[CLUE-Tech] Bash and password entry (extended)

Jed S. Baer thag at frii.com
Sun Mar 24 15:03:45 MST 2002


On Sun, 24 Mar 2002 14:16:43 -0700
"Timothy C. Klein" <teece at silverklein.net> wrote:

> * Matt Gushee (mgushee at havenrock.com) wrote:
> > Hi, all--
> > 
> > I was wondering how you can handle password entry in a shell script.
> > I was thinking about writing a script that would synchronize certain
> > directories on 2 hosts, using scp
> > 
> > I now realize that for this particular problem the easiest and
> > probably best solution is just to run the script in an ssh-agent
> > session. But I've thought in the past about automating various tasks
> > that involve passwords
> 
> You could use Expect, or you could write a 'here document' that
> contained input for scp, including the password.  This would involve
> having your password lying around in plain text, though.  I would
> definitely go with ssh-agent.  You can get a utility from the Gentoo
> Linux guy called 'keychain'
> 
> http://www.gentoo.org/projects/keychain
> 
> You put a reference to this in your bash_login and xinit/xsession
> scripts, and it will prompt you for a password once, if no ssh-agent is
> running, and start one up.  If ssh-agent is running, it will contact the
> agent and set up bash/X to use that agent

One alternative for the 'here document' approach would be to generate the
scp script on the fly, and delete it after running it. Then, the password
could be prompted for only once per invocation, at least.

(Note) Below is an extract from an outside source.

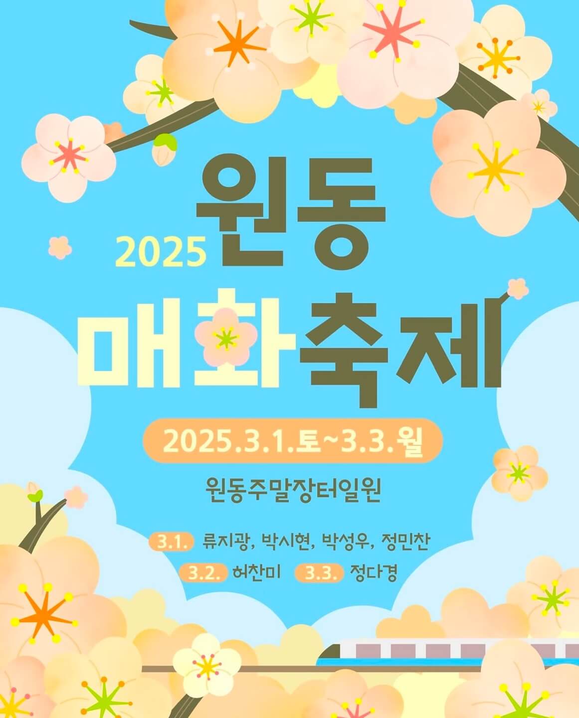 1. 원동 매화축제 기간 : 2025년 3월 1일(일) ~ 3월 3일(월)

I've been wondering somewhat along the same lines for various things,
including scp. But perhaps going outside of what can be done with
ssh-agent or expect (I haven't used either of them, except the expect in a
chat script). I'm thinking about things like my dialup-ip script and my
mail program both storing paswords for my ISP account, plus having it
sitting in chap-secrets. It would be nice to have a repository where it
could be safely stored and retrieved, more for the convenience of having
to change it in only one place locally when I change it at my ISP. Of
course, that assumes my mail program would have such capability. I don't
know how I'd get it into chap-secrets for each invocation of ppp, except
for generating chap-secrets at invocation time, and having ip-up.local
delete it. Seems too cumbersome.

-- 
"Those who expect to reap the blessings of freedom must, like men,
 undergo the fatigue of supporting it."